- **What is being asked**
Write the data out again exactly, with no pictures.
(Dataset content)
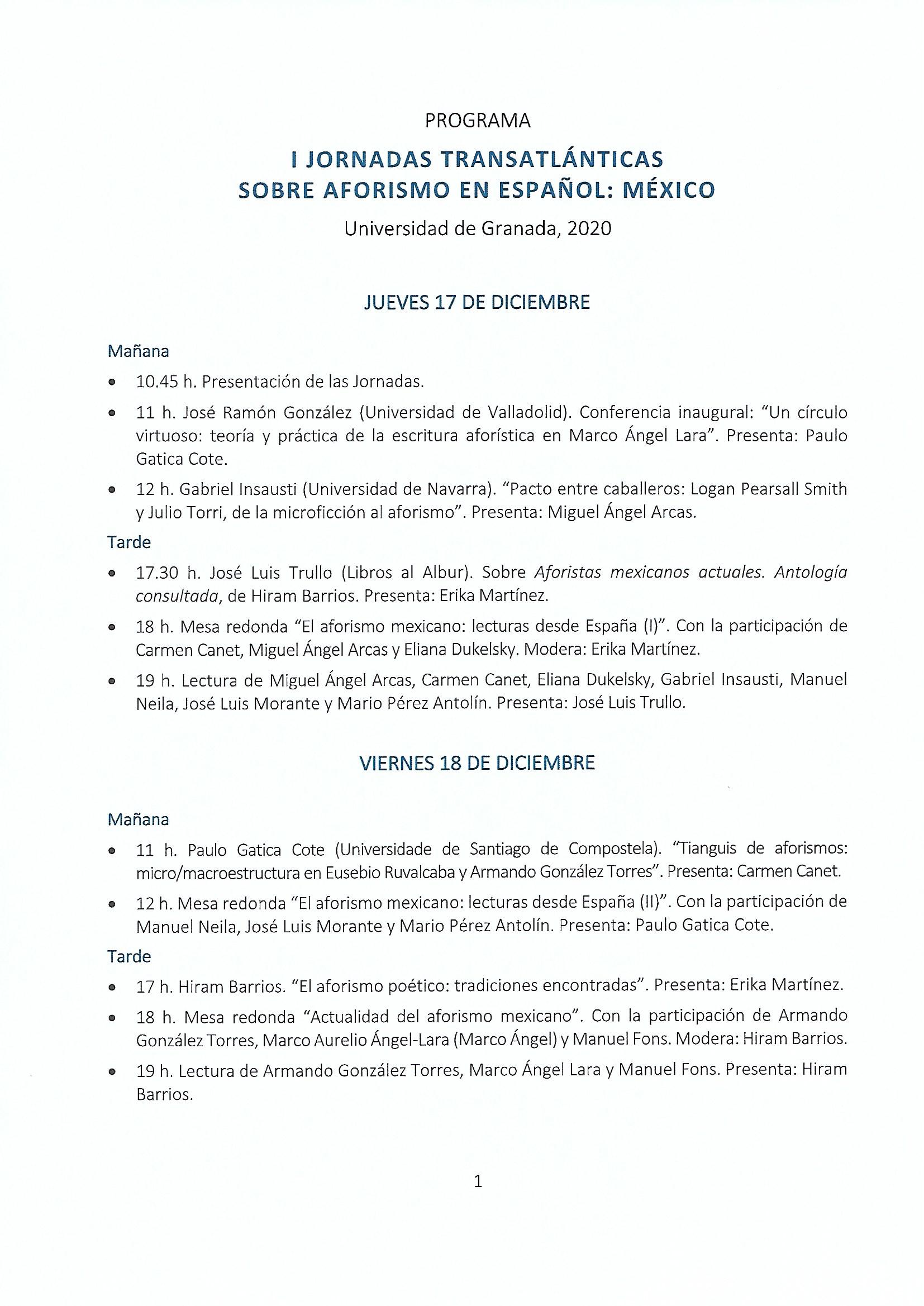 I JORNADAS TRANSATLÁNTICAS SOBRE AFORISMO EN ESPAÑOL: MÉXICO. UNIVERSIDAD DE GRANADA
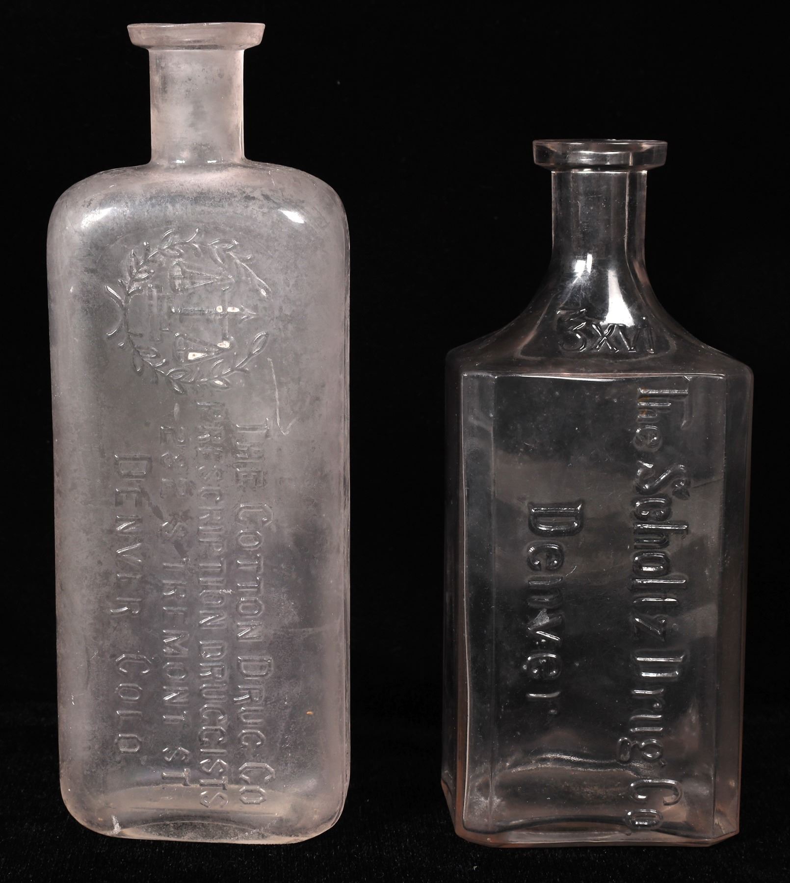 2 Denver embossed 16oz drug bottles. The Cotton Drug Co. The Scholtz Drug Co. No apparent chips or cracks. Denver Colorado
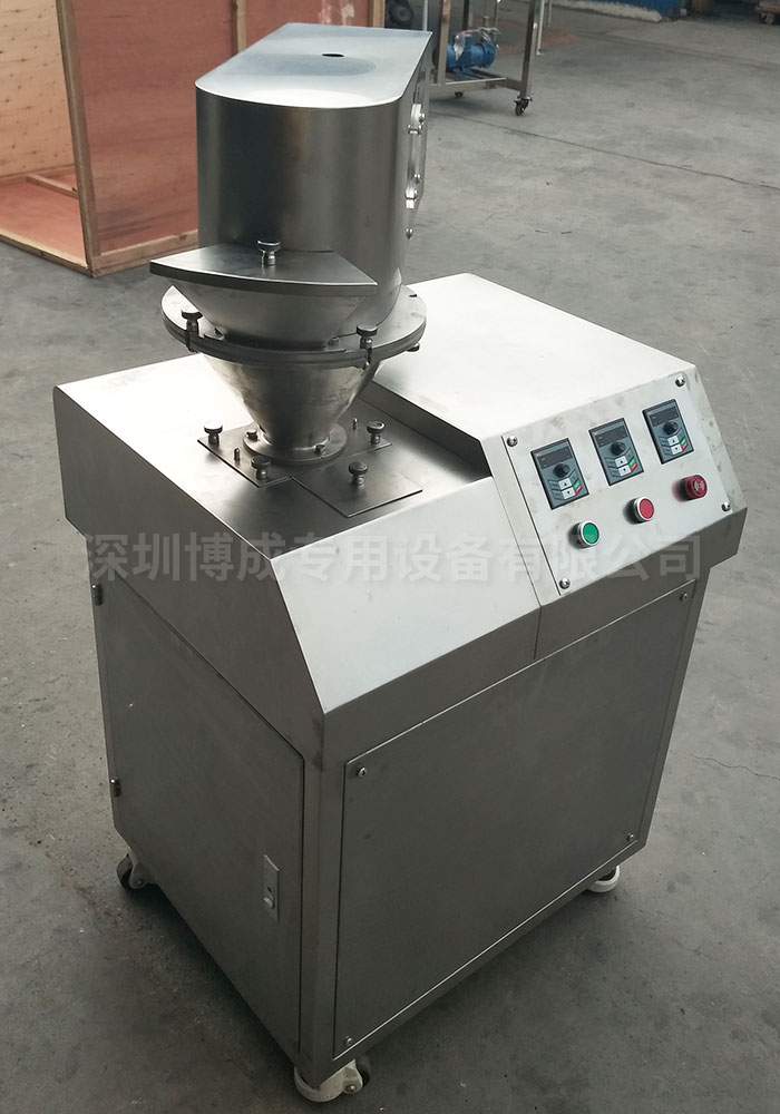 由電機、減速機、變頻器、制粒機構(gòu)和篩網(wǎng)等組成,把壓片部件出來的片狀物料,經(jīng)兩次制粒制成所需的顆粒,上面的制粒采用刀片式,下面的制粒采用特殊的轉(zhuǎn)籠式結(jié)構(gòu),增加顆粒的成品率。顆料大小由網(wǎng)孔的孔徑來控制。篩網(wǎng)可配(ф0.8,ф1.0mm,ф1.2mm,ф1.5mmф2.0mm)
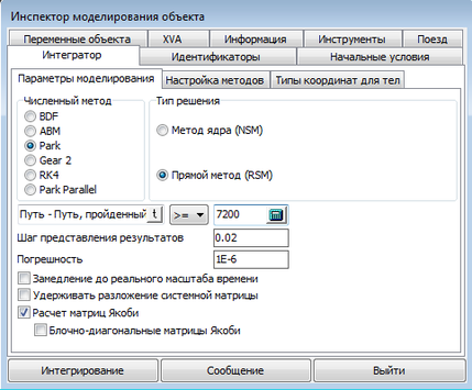 В качестве численного метода будет использован метод Парка (Park). Также необходимо включить опцию (Расчет матриц Якоби). В качестве переменной будет выступать путь – путь, пройденный с момента начала моделирования. Значение пути, которое необходимо установить в качестве переменной, берется из файла макрогеометрии, рисунок 4.27 и равно 7200.
(End Dataset content)
- **Worked solution**
 I JORNADAS TRANSATLÁNTICAS SOBRE AFORISMO EN ESPAÑOL: MÉXICO. UNIVERSIDAD DE GRANADA
 2 Denver embossed 16oz drug bottles. The Cotton Drug Co. The Scholtz Drug Co. No apparent chips or cracks. Denver Colorado
 由電機、減速機、變頻器、制粒機構(gòu)和篩網(wǎng)等組成,把壓片部件出來的片狀物料,經(jīng)兩次制粒制成所需的顆粒,上面的制粒采用刀片式,下面的制粒采用特殊的轉(zhuǎn)籠式結(jié)構(gòu),增加顆粒的成品率。顆料大小由網(wǎng)孔的孔徑來控制。篩網(wǎng)可配(ф0.8,ф1.0mm,ф1.2mm,ф1.5mmф2.0mm)
 В качестве численного метода будет использован метод Парка (Park). Также необходимо включить опцию (Расчет матриц Якоби). В качестве переменной будет выступать путь – путь, пройденный с момента начала моделирования. Значение пути, которое необходимо установить в качестве переменной, берется из файла макрогеометрии, рисунок 4.27 и равно 7200.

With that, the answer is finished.